- Developer: ISCO Inc.
- Publishers: JP: Data East; NA: NEC;
- Platform: TurboGrafx-16
- Release: JP: March 30, 1990; NA: 1990;
- Genre: Breakout clone
- Mode: Single-player

= Drop Off =

1990 video game

Drop Off is a Breakout clone by Data East. The game was published in 1990 for the PC Engine as Drop Rock Hora Hora and subsequently saw a US release for the TurboGrafx-16 as Drop Off.

==Gameplay==

Gameplay screenshot

The game is a Breakout clone, where the player moves a paddle back and forth in order to destroy objects. Each stage has a set of the same object (for example, apples on the first stage).
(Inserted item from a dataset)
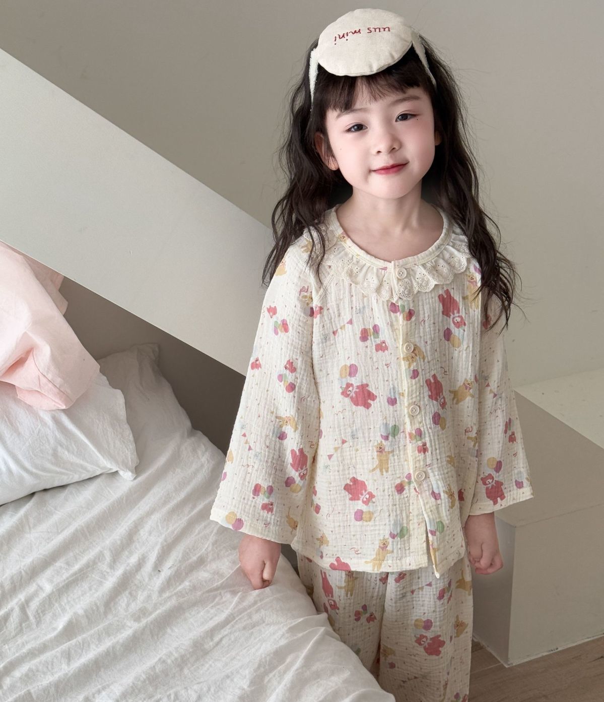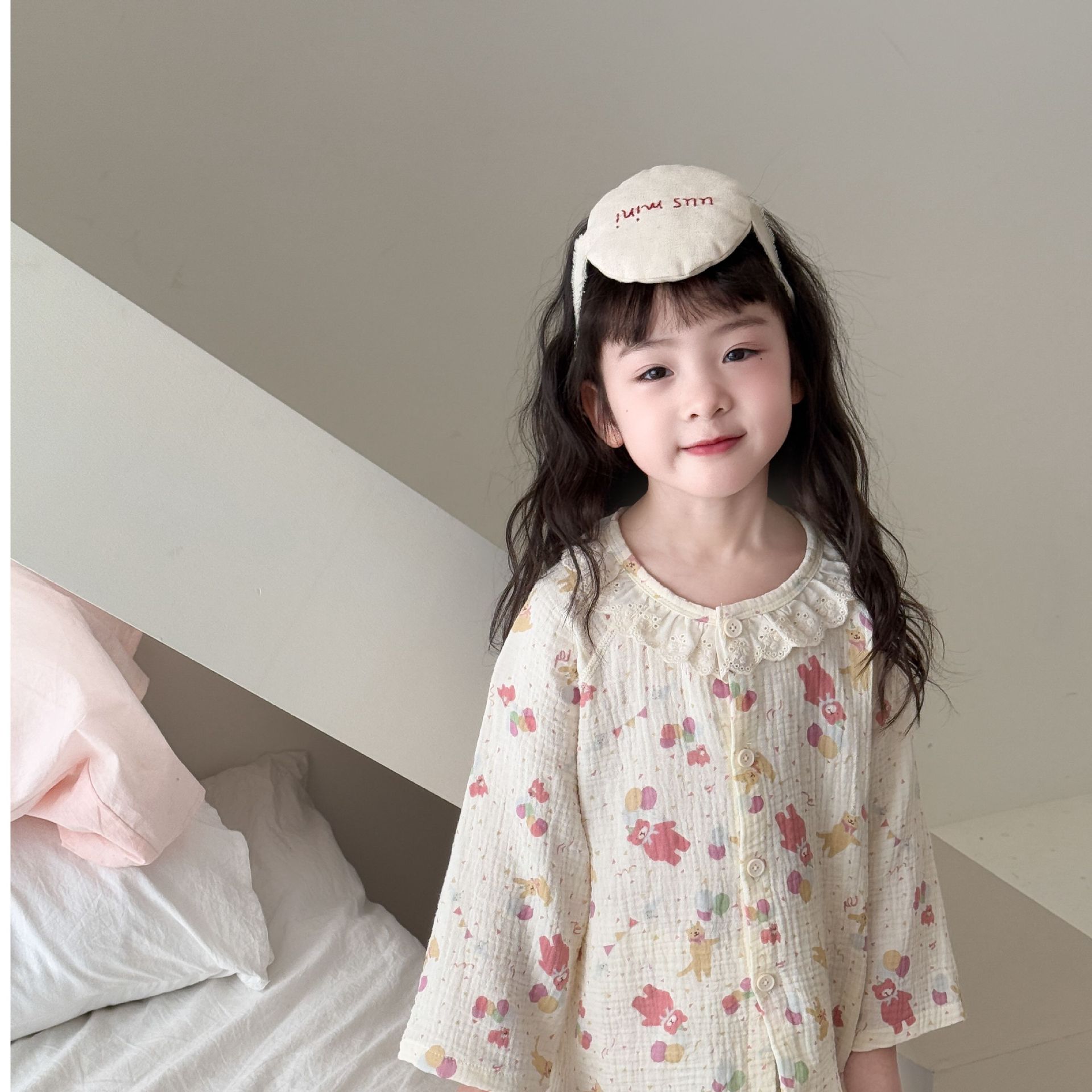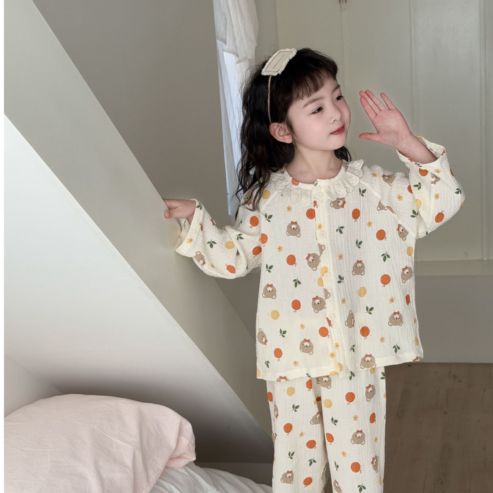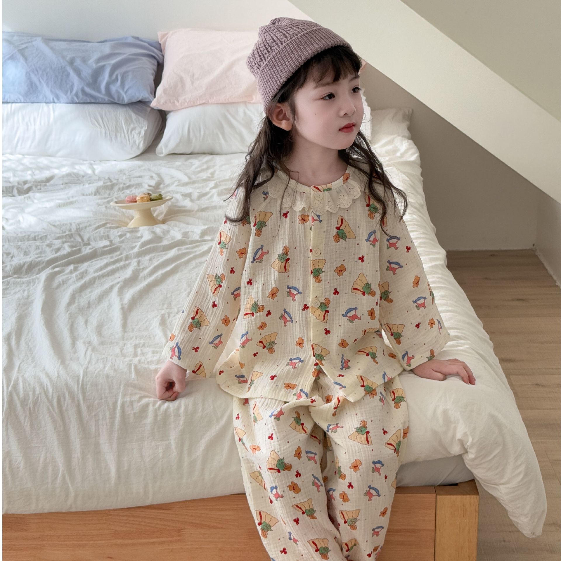 순면 어린이 잠옷 세트 집 옷 긴 소매 꽃 소녀의 달콤한 사이버 연예인 부모-아이 잠옷 세트 느슨한스토어 가기

Unlike Breakout and other comparable games, the player in Drop Off does not automatically lose a life if the paddle touches the floor and the player is never required to hit the objects in order to clear the stage. Instead, the player must avoid the series of objects that are scrolling vertically downward to move on to next stage, and the gameplay is practically identical to Cluster Buster, an earlier title on the DECO Cassette System. The player has the option of switching the direction of their paddle from vertical to horizontal during the game and is free to move the paddle anywhere on the screen.

Drop Off contains 16 stages divided in 5 rounds.

==Release==
Drop Off was re-released on Nintendo's Virtual Console in North America on July 30, 2007 and in Japan on August 28, 2007. It was released for the first time ever in Europe by Nintendo on August 3, 2007 on the Virtual Console. The publisher was G-Mode which currently owns the rights to most of Data East's video games. The game was delisted from the Virtual Console in early March 2012.

== Reception ==

Drop Off received mixed reception from critics since its release on the TurboGrafx-16, most of which reviewed it as an import title. Famitsus four reviewers called it "a deformed Breakout-type" game that felt more modified than Arkanoid due to its ruleset, but they commended the ability to freely move the paddle around the screen was commended. Génération 4s Philippe Querleux regarded it as a "grape breaker" because of the title's use of fruits instead of bricks. Joysticks Jean-Marc Demoly also noted its use of fruits instead of bricks and limited animation in the anime-style introduction sequence. Regardless, Demoly stated that Drop Off was a "well realized" game inspired by Arkanoid and similar titles on computers, giving positive remarks to the audiovisual presentation, animations and controls. Tilts Alain Huyghues-Lacour compared it with Addictaball for Atari ST due to both titles sharing similar principles. Nevertheless, Huyghues-Lacour found the game to be fun and interesting than other Arkanoid clones, noting that the descending fruit pieces added pressure into the gameplay and praised the visuals, animations and sound effects, but criticized the controls for being less ergonomic than a mouse for these types of games.

Power Play Henrik Fisch regarded Drop Off as a nice but non-addictive title, criticizing the audiovisual presentation and other aspects. VideoGames & Computer Entertainments B.W. noted the ability to freely move the paddle around the screen but expressed mixed thoughts about the game's playability, and criticized both the visuals and sound. TurboPlays Donn Nauert concurred with B.W. when reviewing the title, giving a mixed remark to its playability and criticizing the graphics and sound. In contrast to the other reviewers, AllGames Shawn Sackenheim called it "one of the best puzzle games on the system." Sackenheim praised its fast action and "tried and true breakout formula", but criticized the visuals for being sparse and repetitive gameplay.

Review scores
| Publication | Score |
|---|---|
| AllGame | 4.5/5 |
| Famitsu | 27/40 |
| Génération 4 | 55% |
| Joystick | 69% |
| Tilt | 13/20 |
| VideoGames & Computer Entertainment | 4/10 |
| Power Play | 51% |
| TurboPlay | 4/10 |

=== Retrospective coverage ===
Commentary on Drop Off has been more negative since its re-release on the Virtual Console. Nintendo Life regarded it as "possibly the worse example of a Breakout style game out there." They found that its gameplay innovations made it cumbersome and criticized the lack of variety and power-ups. IGNs Lucas M. Thomas called it "a half-hearted clone of an old design from the '70s, that was done better... in the '70s." Thomas felt that its premise did not make sense and stated that its gameplay elements did not work together, but commended the addition of boss battles. Eurogamers Dan Whitehead wrote that the title "It's amusing enough for what it is and can be quite addictive in a simplistic sort of way but, with little variety between levels and no power ups to speak of, I suspect most gamers will find the basic appeal wears off quite rapidly." GameSpots Frank Provo commended its "few twists" on the Breakout formula, but criticized the game's design for being challenging and the paddle controls for being sluggish.